There’s a sudden thud on the front porch. Klaus jumps to his feet and goes to the door for a sniff. He gives a loud huff and starts wagging. I hear another thump and then a soft knock.
I climb down from the hearth and dust off my knees. With my recent luck, I imagine more bad news waits on the other side of the door. The last thing I expect to see is Reason, holding an armload of firewood across his arms. It’s really him, though, and he has exactly what I need: wood. And probably skill.
He grins at me, and I want to throw myself in his arms. He looks like a great big beautiful ray of sunshine gleaming though the clouds of disaster, my hope—my friend—my firewood angel. The cold has turned his cheeks and lips rosy, and he bites the bottom one between his teeth with an expectant look. I don’t even stop to wonder how he knew I needed it. I just want it burning as soon as possible.
“Need some help?”
“Definitely.” I’m still stunned, but I get out of the way.
He steps through the door and carries the bundle to the hearth. A few minutes later, I have a large warm fire blazing in it. He didn’t even laugh at my matchsticks.

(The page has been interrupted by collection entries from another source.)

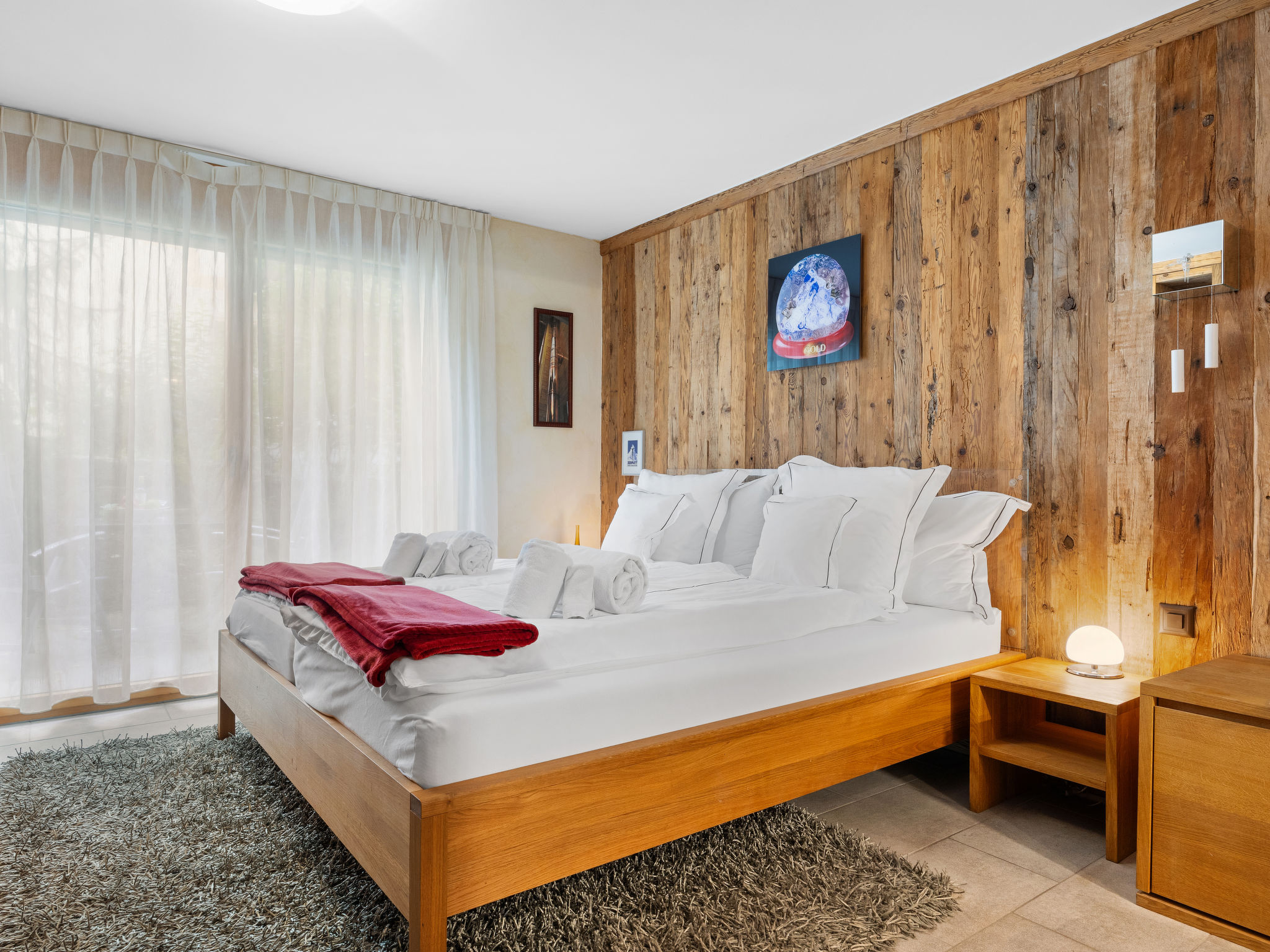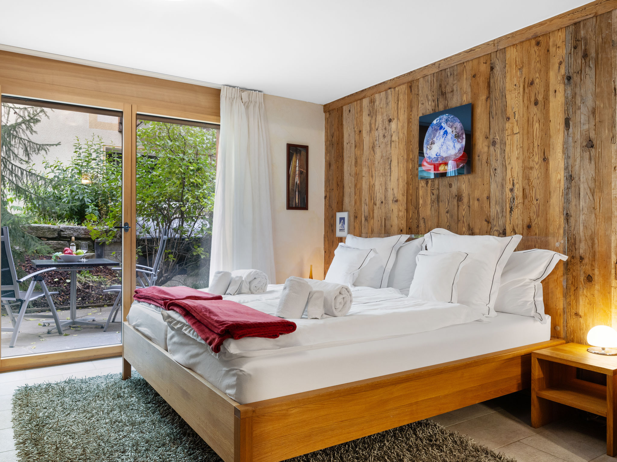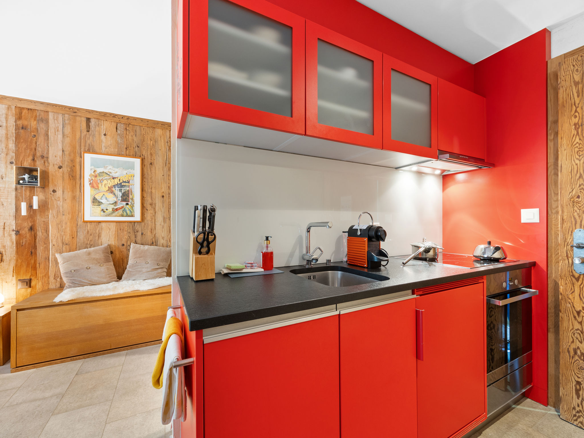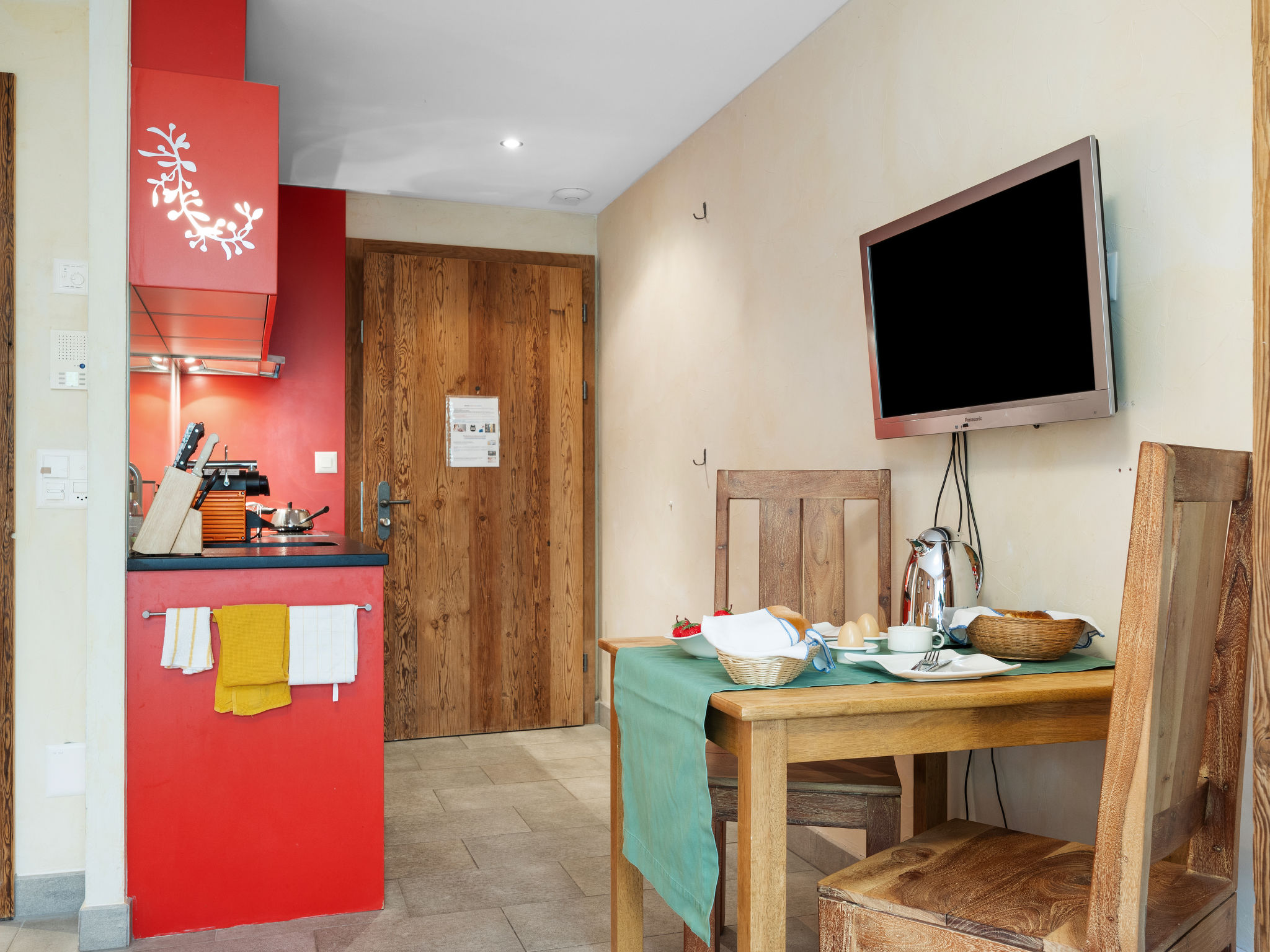Monolocale 24 m2, al pianterreno. Arredamento lussuoso e di buon gusto: soggiorno/camera con 1 letto doppio, tavolo da pranzo, TV, radio, CD e DVD. Uscita sulla terrazza. Cucina aperta nell'ingresso (forno, lavastoviglie, 4 piastre ad induzione, tostapane, bollitore elettrico, macchina da caffè elettrica, capsule per la macchina da caffè (Nespresso) extra, set per raclette, set per fondue (formaggio)). Doccia/WC. Piccola terrazza, esposizione ovest. Mobili da terrazza. A disposizione: cassaforte, asciugacapelli. Internet (wifi, gratis). Prego notare: appartamento per non fumatori.
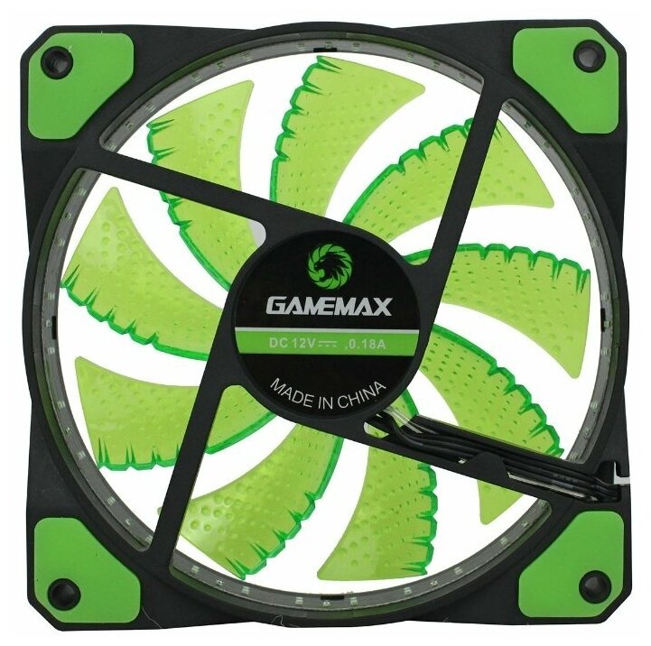 GameMax – вентилятор диаметром 12 см с разъемом 3/4-pin. Данный кулер обеспечивает воздушный поток в 46.5CFM при уровне шума в 23,4 дБ. Максимальная скорость вращения при этом составляет 1100 (±10%) оборотов в минуту. Представленная модель, оснащенная цветной подсветкой (создается 32 светодиодами), отличается потрясающе красивым внешним видом. Гидродинамический подшипник Hydraulic Bearing обеспечивает длительный срок службы данного кулера.
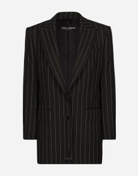 In the “WOMAN SS 24” Collection, the imagery of old Sicily interacts with the masculine, with sensual shapes, lace, nude tones and delicate overlays, to create pieces that move amid clean silhouettes, the elegance of the 1960s, the contrasts of black and white and luxurious textures. The designers are reworking their signature style and their iconic Sicilia black color to convey an aware, seductive and confident Sicilian WOMAN who is imbued with sensuality. Single-breasted pinstripe wool jacket: • Gray • Peak lapels • Long sleeves • Flap pockets • Silk satin lining • Button fastenings • The piece measures 70 cm from the center back on a size IT 40 • The model is 175 cm tall and wears a size IT 40 • Made in Italy External composition: 100% Virgin Wool Internal composition: 100% Silk
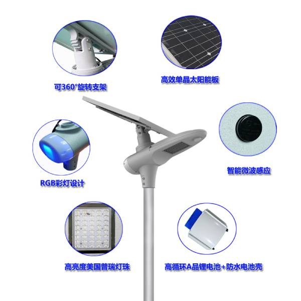 弟二代一體化太陽能路燈采用高效單晶光伏板,智能MPPT控制器,長壽命鋰電池,高光效燈珠,集于一體化設計,安裝使用方便,并擁有微波感應和RGB彩燈設計,實現(xiàn)多功能亮燈

I sit crisscross on the floor, relishing every bit of warmth I can absorb into my outstretched hands. He sits on the floor across from me with his back against my mother’s chair. Klaus’ head rests in his lap.
Now that I’m warm, curiosity takes over. “How did you know I needed help?”
“I got a call from Nick at Double-S. He told me you didn’t have any heat.”
It still doesn’t make any sense. “How would he know to call you?”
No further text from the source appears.